A behavioural scientist once said to me something along the lines of this, but much more eloquently, “if people invite you in to hear what you have to say, but then talk over you or amongst themselves, and don’t acknowledge or even notice when you (purposely) move to the corner of the room, then they are no longer worth giving your time to”. It is a tactic to regain control but if people ignore you it signifies a lack of basic respect.
From the other angle, the other day I saw someone I knew and I hid, behind a tree. Yep, as a grown woman I hid. And yep, behind a tree. It was broad daylight. I felt like I was in a cartoon or a Ricky Gervais black comedy. I did feel quite bad, bad enough to fess up to someone else. I mean, how old am I? But in truth, it was not even a conscious move, it just happened. Instantly. My body made me do it. Instinct?
I recall conversations in college hallways amongst friends…’I ignored you because you ignored me.’ ‘No, you ignored me…’ ‘because you ignored me’… It’s got to start somewhere. Chicken and egg anyone? So what comes first, people ignoring us or us ignoring people?
Sunny construction site stripes seen whilst out running
Whilst out running yesterday my racing thoughts led me to believe that there could be four answers to this.
1. You choose one
2. You choose both
3. You choose neither
4. You ask a question.
I think number 4 kind of delays 1, 2 and 3, but the process serves a purpose, much stronger than picking an answer stupendously quickly as if you were on a quiz show with D-grade celebrities fighting for some airtime.
Only this week I was accused of throwing out the hard questions when a colleague stopped by my desk for a causal chat. She called me out on it, laughed, and then happily responded. I was also accused of this on a work trip overseas after hearing an inspirational speaker…I merely said “what will you change professionally and personally after hearing that?” (it was a pretty profound talk, thanks Oprah!)…”well that’s a bit personal” they said…although to me it was simply a relevant question at a relevant time. But what I didn’t consider was what might possibly be going on in their head. Perhaps it brought back memories of first date nerves, when you come out of a movie and the dreaded question comes flying your way before you have chance to get it out first…”so, what did you think?” – arghhh, remember that? What do you say? Will they still like you if you say x, y or z? Do you even know what you think yet? What if you disagree? Does that mean you are not compatible? OMG!!! To a teenager questions are almost always unwelcome. Cancel the wedding!! Of course this was just a work thing, but, perhaps they were still mulling, and here was me interrogating.
I do tend to jump in deep. I’m not afraid. So far I have gotten away with it. And to be honest, I often ask questions that I find out later are what other people are wondering. But to me it’s not actually about the answer, it’s about the people in that moment – the person answering, and me, the person asking. It’s merely a connection. An empathy. A curiosity. An honesty. A vulnerability. On both sides. Equality.

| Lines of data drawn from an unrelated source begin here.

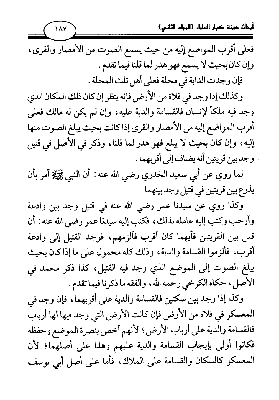 وكذا روي عن سيدنا عمر رضي الله عنه في قتيل وجد بين وادعة وأرحب وكتب إليه عامله بذلك، فكتب إليه سيدنا عمر رضي الله عنه: أن قس بين القريتين فأيهما كان أقرب فألزمهم، فوجد القتيل إلى وادعة أقرب، فألزموا القسامة والدية، وذلك كله محمول على ما إذا كان بحيث يبلغ الصوت إلى الموضع الذي وجد فيه القتيل، كذا ذكر محمد في الأصل، حكاه الكرخي رحمه الله، والفقه ما ذكرنا فيما تقدم.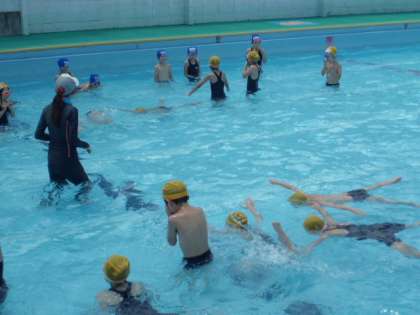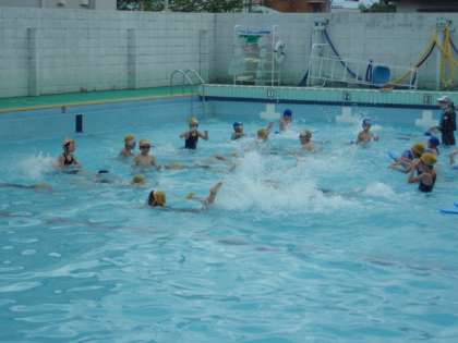 ようやくすっきりと晴れたよいお天気の中,水遊びを実施することができました。子どもたちも「暑いから早くプールに入りたーい!」と心待ちにしていた様子でした。前回からはちょっとレベルアップして,水に浮く練習やちょっとだけ泳ぐ練習も取り入れました。2年生は積極的に1年生に声をかけ,ポイントを教えてあげていました。水遊びも残すところあと少し。みんなでいっぱい楽しめるといいですね。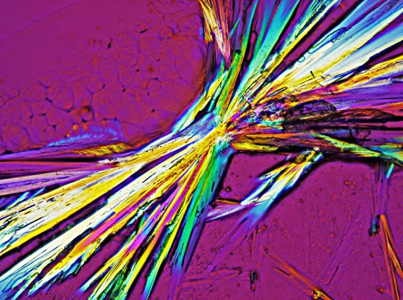 hast du in Deinen vielen Proben, Zutaten und Extrakten auch reines Vitamin D? Dann könntest du ausprobieren ob dies solche Kristalle bildet. Vorausgesetzt du hast eine Polarisationseinrichtung an deinem Mikroskop.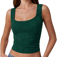 توب نسائي مخصص بتصميم عتيق منسوج وقابل للتنفس مع حواف دانتيل وياقة دائرية بدون أكمام، قميص قصير ضيق بطبقتين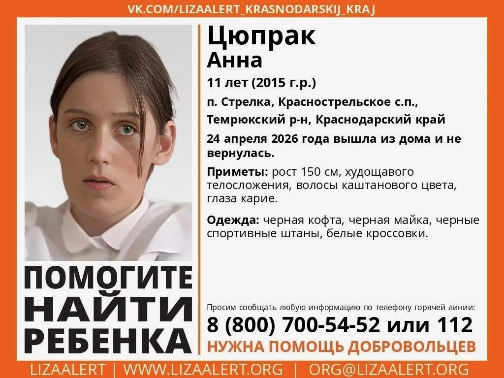 Вторые сутки ищут 11-летнюю девочку, которая вышла из дома в Темрюкском районе и не вернулась.

As a child I was scared to ask questions, thinking that I would be laughed at, or ridiculed for not knowing something. Now, some 20yrs later, I’m listening to my teacher’s advice to speak up. I’m making up for lost time.
Being an introvert, my questions often find themselves written. Carefully crafted to avoid misinterpretation without the aid of critical non-verbal cues. This week at work I received an email from a colleague which was the length of two pages from a book and just like a novel included a background story, emotions, future hope…and this was in response to a single sentence, a simple question…and at the end of her masterpiece she said “thanks for asking”. So there. Some people do appreciate it.
As humans, herd animals, there is nothing worse than being ignored. We don’t feel worthy or like we belong. I know it’s not always nice to be on the receiving end of a hard question, but I think it is better that than to be ignored.
Advice that I have given to my daughter, friends, colleagues, and even my mum over the years, is never be afraid to ask questions. They are super useful in moments of uncertainty, awkwardness, or when feeling shy. I know it is not new news, but the simple ways often get forgotten for something more trendy. I am also a fan of silence, that too is powerful, and can lead to a different type of connection (if you can sit together in a car in a comfortable silence for hours, then there may be hope after all for that person who didn’t like the movie that you loved!!) But I believe that questions truly show you care. That you want to care. It breaks the tension, fills the sometimes too-long silence, defers attention from you, and the answer can actually be quite interesting. But remember, the answer is just a bonus, it’s the asking that is the real reward.
So…back to the start of this rambling waffle, being ignored or doing the ignoring (with a tree prop or without), what is the answer, which one comes first? It’s actually not important. The answer is not important. It is the question, being aware, being in the moment and connecting with another. What do you think?